Share of texts improved by the humanizer — from 84.1% for multilingual to 100% for recipes

Key observation: even for the most challenging categories (IT, digital technologies, multilingual texts), more than 83% of texts show improvement.

Results: Who Completely "Fooled" the Detector

Reducing probability is one thing. But we were also interested in a stricter question: what share of texts after humanization completely changes the detector's verdict — from "AI" to "human"?

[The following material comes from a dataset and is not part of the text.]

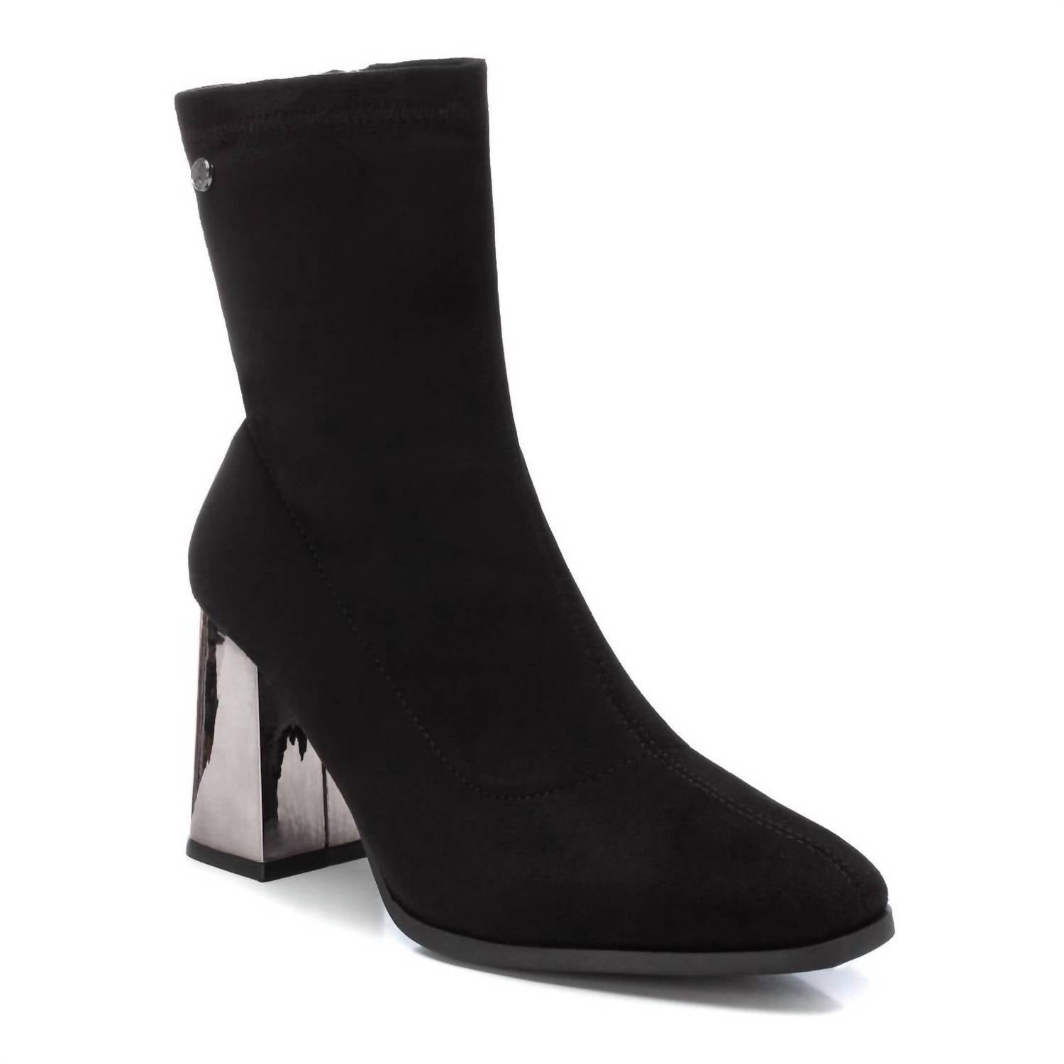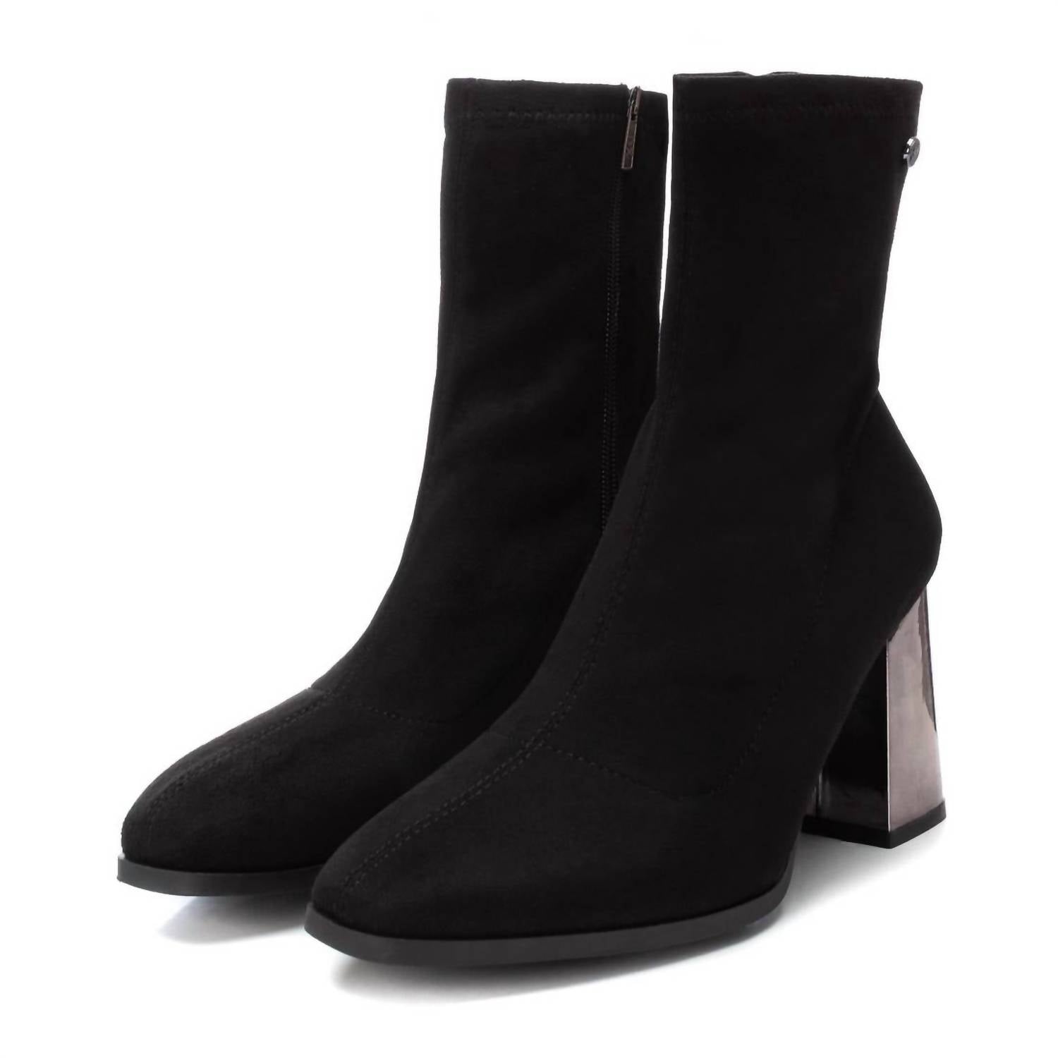 Say hello to the perfect, most versatile boot. The ankle height makes this style easily transition from day to night. Wear them with your favorite skinny jeans and tee for a more laid back look, or pair them with your favorite mini dress and jacket for a night out on the town. Elevate your wardrobe with the Women's Casual Suede Booties by Xti, featuring a 3.15-inch high block heel for a chic silhouette. These black suede booties boast an elegant and simple design, perfect for pairing with any outfit. The booties feature a side zipper closure and elastic shaft for a snug fit, along with a lightweight, durable non-slip rubber sole for comfort. Crafted from breathable materials with a padded insole, these high-quality booties offer style without compromising on comfort.

We called this the Hard Flip Rate — the percentage of texts that were identified as AI-generated before processing, and as human after (AI probability < 0.5).

Category

Hard Flip Rate

🍳 Recipes and Cooking

66.7%

⚖️ Legal Systems and Legislation

64.2%

💼 Business and Market Analysis

61.0%

🔬 Scientific Research and Methods

60.8%

👥 Personnel Management and Organization

59.9%

📣 Marketing and Advertising

58.9%

🧠 Psychology and Society

57.8%

🏙️ Urban Systems and Services

57.1%

📚 Literature and Text Analysis

56.4%

📊 Data Analysis and ML

56.2%

✍️ Personal Stories and Narratives

55.7%

🎓 Education and Training

52.9%

💰 Economics

51.6%

📰 News about Russia

51.1%

🎮 Computer Games

49.3%

🖥️ Information Systems and Software Development

49.3%

🎨 Culture and Art

47.4%

🔧 Digital Technologies and Innovations

44.0%

🌐 Multilingual Texts

43.6%

🏠 Everyday Life and Reflections

41.0%

Hard Flip Rate by 20 categories — recipes (66.7%), law (64.2%), business (61.0%) lead

Result: for 14 out of 20 categories, more than half of the texts completely "fool" the detector. For the top 6 categories (law, business, science, HR, marketing, cooking), the rate exceeds 58%.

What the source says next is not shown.